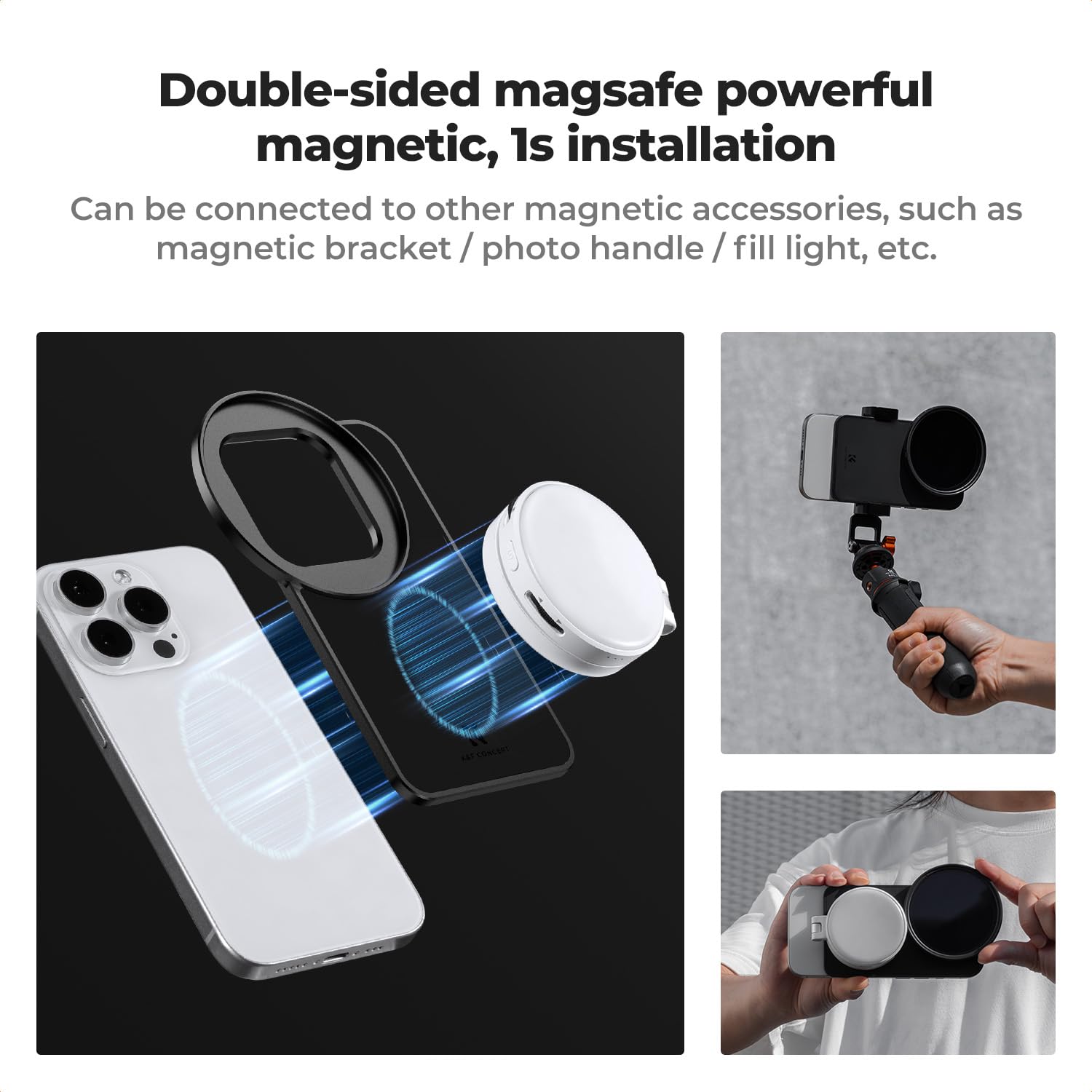 Magnetic Design: Quick and secure attachment system allows for easy mounting and removal of the filter while maintaining a strong hold during use, and it can attach accessories to both sides! Easily add magnetic mounts, ring lights, or other gear.
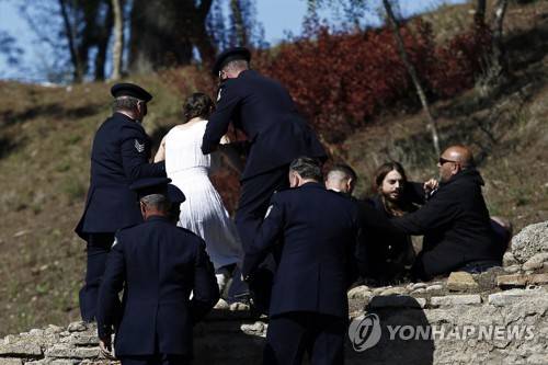 epa09530014 Policemen detain Tibetan activists after they invaded the Olympic Flame lighting ceremony for the Beijing 2022 Winter Olympics at the Ancient Olympia site in Peloponnese, southern Greece, 18 October 2021. Four Tibetan activists, one man and three women were detained by police in ancient Olympia. EPA/YANNIS KOLESIDIS
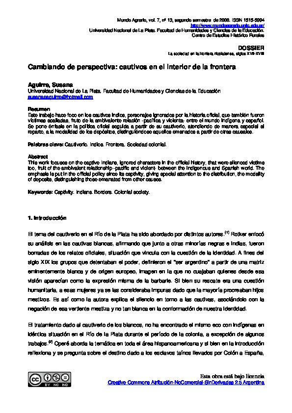 Aguirre, S. (2006). Cambiando de perspectiva: cautivos en el interior de la frontera. Mundo Agrario, 7 (13), pp. 1-15.

WHAT THIS TASK INVOLVES: The data above must be given back verbatim, minus its images.

ANSWER SECTION:
 Magnetic Design: Quick and secure attachment system allows for easy mounting and removal of the filter while maintaining a strong hold during use, and it can attach accessories to both sides! Easily add magnetic mounts, ring lights, or other gear.
 epa09530014 Policemen detain Tibetan activists after they invaded the Olympic Flame lighting ceremony for the Beijing 2022 Winter Olympics at the Ancient Olympia site in Peloponnese, southern Greece, 18 October 2021. Four Tibetan activists, one man and three women were detained by police in ancient Olympia. EPA/YANNIS KOLESIDIS
 Aguirre, S. (2006). Cambiando de perspectiva: cautivos en el interior de la frontera. Mundo Agrario, 7 (13), pp. 1-15.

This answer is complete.